The 21st day of the month of Obad-Hai
The 110th year of the second Ravensblood dynasty

Quimarel enters the Royal Intelligence Corps lobby, and the guards posted in front of the door that leads to the non-publically-accessible parts of the building challenge her.
Cpl. Ogloya: What is your business here?
Quimarel: I have a question for the Spymistress.
Cpl. Ogloya: Is she expecting you?
Quimarel: No, this has come up rather suddenly.
The good corporal decides to go check with Zubynna to see whether she is willing to speak to the owner of the Squirting Squid on short notice. She is.
Cpl. Ogloya: She says that she is not terribly busy, and she would be happy to speak to a pillar of the community such as yourself.
Quimarel: Wonderful.
Cpl.
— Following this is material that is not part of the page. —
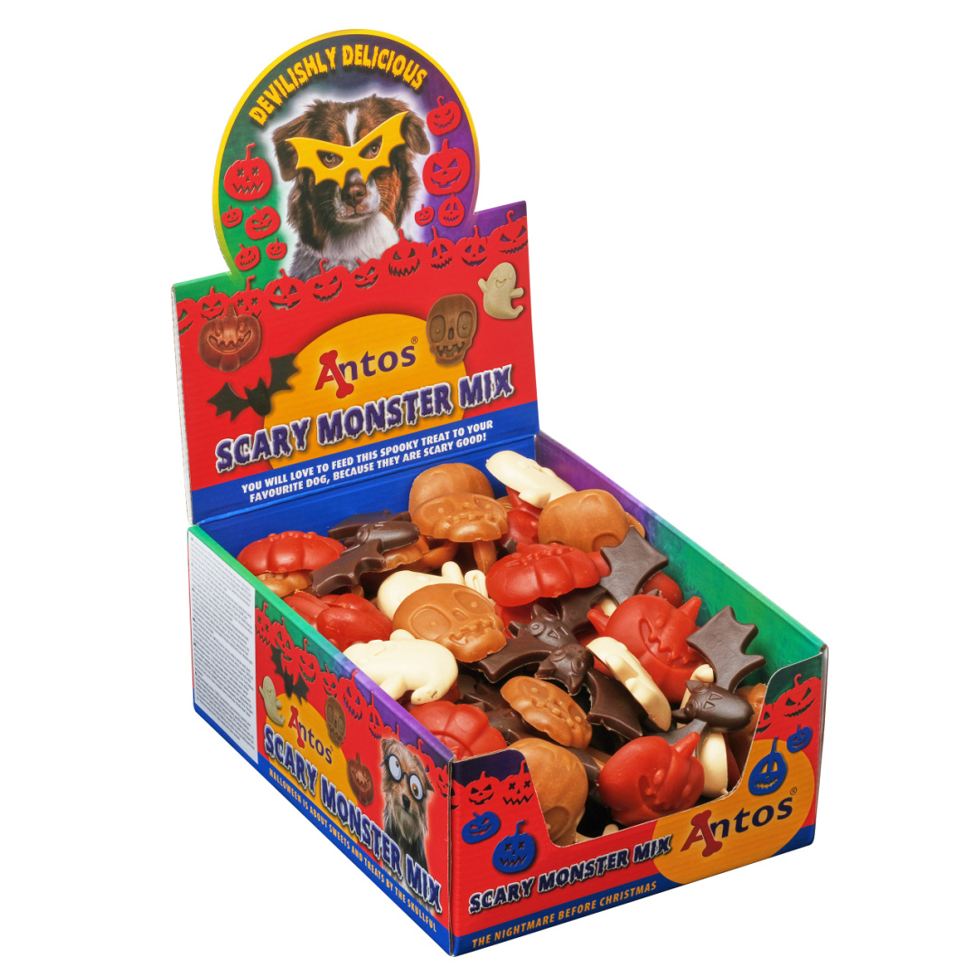 Hondensnacks Antos Scary Monsters hebben de kracht om elke hond die ervan proeft te betoveren. Je kunt je hond het seizoen laten proeven met griezelig lekkere snoepjes in de vorm van pompoenen, vleermuizen, spoken en schedels. Laat je hond schrikken van hoe lekker deze duivelse hondensnacks zijn.

Ogloya: I will lead you up so that you… find your way without… going anywhere you shouldn’t.
Quimarel: Of course.
The guard leads her through this huge scriptorium area where goblins are copying stuff down -- they and the guard are cagey about what they’re writing, and are careful not to let her see any of it. However, as she’s passing a desk, Quimarel sees [Perception: 22] that the goblin there is writing…
Quimarel OOC: Fifty Shades of Goblin?
GM: Fifty Shades of Greenish-Brown… no.
“…According to our sources in Barlgilton, the assassination of the minister seems imminent, perhaps within the next three months…”

The PCs are aware that Barlgilton is the big city up north, about two weeks’ ride away if you have a fast horse.
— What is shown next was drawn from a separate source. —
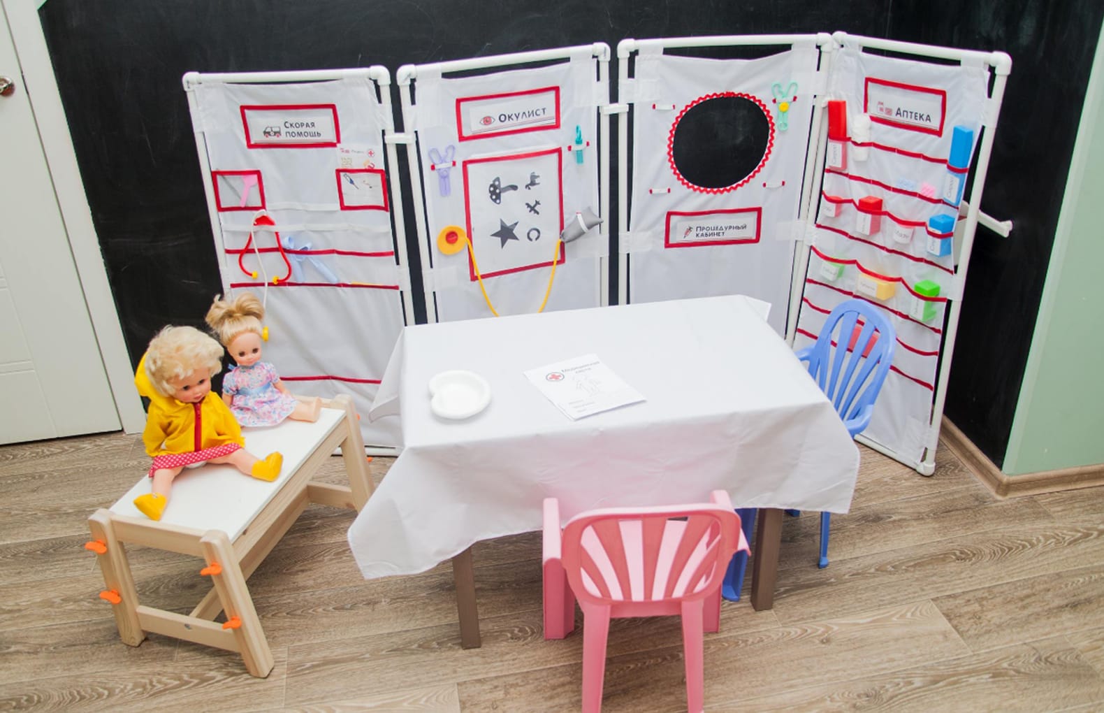 ►Костюмы: Доктор 2 шт, медсестра 2 шт., хирург 1 шт., водитель скорой помощи 1 шт. ►Ширма из труб диаметром 25 мм из 4-х секций. ►Комплект чехлов «Скорая помощь». ►Каркасный автомобиль «Скорая помощь». ►Аксессуары: носилки, белая простынка 77х77 см. ►Бумажная атрибутика: медицинская карта, рецепт, результаты рентгена, результаты УЗИ-диагностики, схема для проверки зрения, надписи к кабинетам, счастливчики (прототип денег) для покупки лекарств, права для водителя скорой помощи.

At the back of the scriptorium, there is a stairway, which Cpl. Ogloya leads her up. The second floor is a small hallway with a few simple wooden doors, one of which Cpl. Ogloya helpfully opens for her. It’s a nice roomy office with a window and a desk that’s big (for a goblin). Zubynna is sitting behind the desk, which doesn’t seem to have anything on it other than her lunch -- perhaps she just cleared all the documents into a drawer. Or maybe she just doesn’t have anything to do today. The lunch in question appears to be an ankheg claw; as she talks, she occasionally picks it up and takes a bite, chewing up the exoskeleton along with the meat. She does not pause in her discourse to chew -- goblins don’t put much thought into table manners.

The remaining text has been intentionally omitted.